Graphics processors (GPUs) suck bits out of SDRAMs the way vampires do what comes naturally to them in the immensely popular Twilight book series by Stephenie Meyer. In other words, GPUs need all the memory bandwidth they can get and current SDRAMs can provide graphics subsystems with large amounts of memory at the lowest cost per bit and excellent bandwidth—but only if the memory controller has some understanding of the GPU’s specific memory-usage needs. That’s a design challenge Vivante faced when developing the ScalarMorphic Architecture for its latest line of multi-threaded, multi-core GPUs, which are designed into products ranging from smartphones to home-entertainment products.
The important thing to know about GPUs with respect to memory accesses is that the real-time nature of graphics applications requires that GPUs have a far more intense and intimate relationship with memory. There tend to be more memory clients at work within the GPU (perhaps five times more clients than for a general-purpose CPU) and these clients generate shorter bursts and more random accesses than general-purpose processors tend to generate. There are also more read/write conflicts and—specific to SDRAM accesses—more bank conflicts.
Here’s a graphic comparison of the number of memory clients in a CPU versus in a GPU, which clearly illustrates the difference:
The Vivante ScalarMorphic Architecture is a multi-core GPU design with multiple shaders, texture engines, rendering engines, and pixel engines in its 3D pipeline. There’s also a 2D pipeline and all of these elements can generate a variety of memory accesses. Here’s a block diagram of the ScalarMorphic Architecture:
Vivante’s approach to optimizing the GPU-SDRAM interface includes an “ultra-threaded” design (as many as 1000 threads per core) to increase tolerance for memory latency. Other optimizations include coalescing multiple memory requests to reduce the number of discrete memory accesses, maximizing data locality, and the use compression and caching to reduce memory-bandwidth needs. But it became clear to the designers at Vivante that more performance could be gotten from an optimized SDRAM controller.
Now if you’re not very familiar with SDRAM controllers, you might think there’s not much difference in controller designs. After all, they just take memory requests and feed them to the SDRAM. Right? Not so. SDRAMs actually have pretty complex access protocols these days and there are three ways to execute these protocols: efficiently, inefficiently, and wrong.
Exercise an SDRAM incorrectly—outside of the specified protocols—and you can lose data. (Note: That’s a bad thing.)
Exercise an SDRAM inefficiently by ignoring a few of the SDRAM’s access timing requirements, and you’ll lose a lot of the raw memory bandwidth you’ve paid for. (Note: That’s not so good either.)
So you want to be protocol-efficient to get your money’s worth from the SDRAM, but efficiency actually depends on the workload characteristics. Some accesses can overlap others. Some can not. So it makes sense to optimize the memory controller for the task.
From Vivante’s perspective, a good DDR memory controller
- Allows multiple clients (GPU cores, CPU cores, DSP cores, and other logic) to share one SDRAM array
- Delivers low latency for critical transactions
- Delivers high bandwidth for large transfers
- Reorders transactions to maximize SDRAM bandwidth (a gain of 30% is possible here)
- Uses the SDRAM’s low-power modes and access methods where possible to reduce SDRAM power consumption
For these reasons, Vivante collaborated with Cadence to optimize the design of the configurable Cadence DDR memory controller core for Vivante’s graphics application. Specifically, the controller was customized to allow out-of-order reads and writes to hide SDRAM latency and to make efficient use of available memory bandwidth, to break memory objects up and distribute them to multiple banks, and to perform GPU-aware memory allocation. These modifications resulted in a 34% performance improvement for a read-oriented test, an 83% performance improvement for a write-oriented test, and a 22% performance improvement for an application-oriented test.

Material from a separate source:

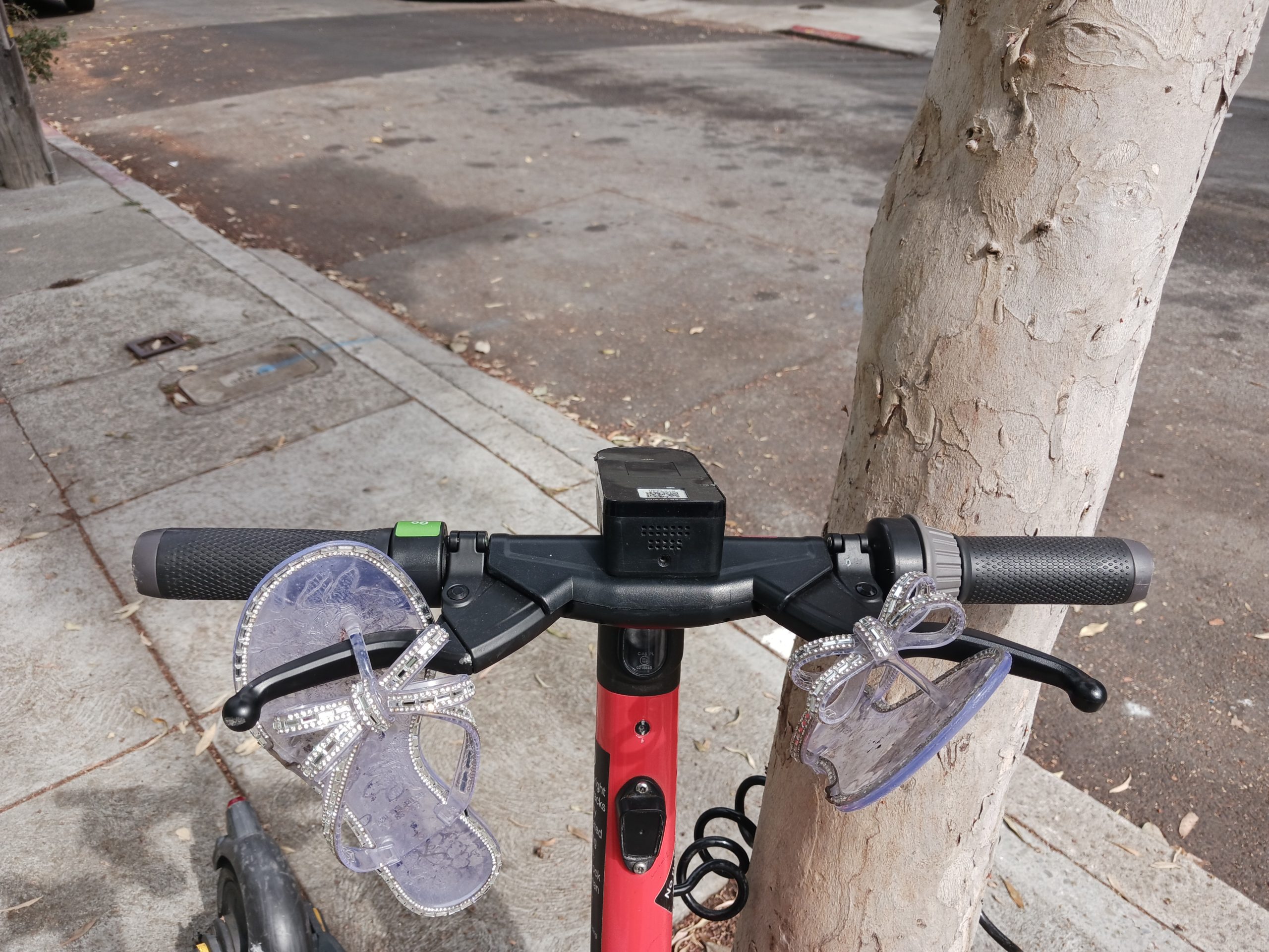 A bicycle is parked on a sidewalk next to a tree with a pair of silver sandals on it.

Note that it’s the joint collaboration between Vivante and Cadence that produced this significant improvement in overall performance. Optimizing the GPU and the memory-controller cores independently might never have achieved such a large improvement because interlocking improvements to both core designs work with the SDRAM’s innate characteristics to achieve the resulting performance boost.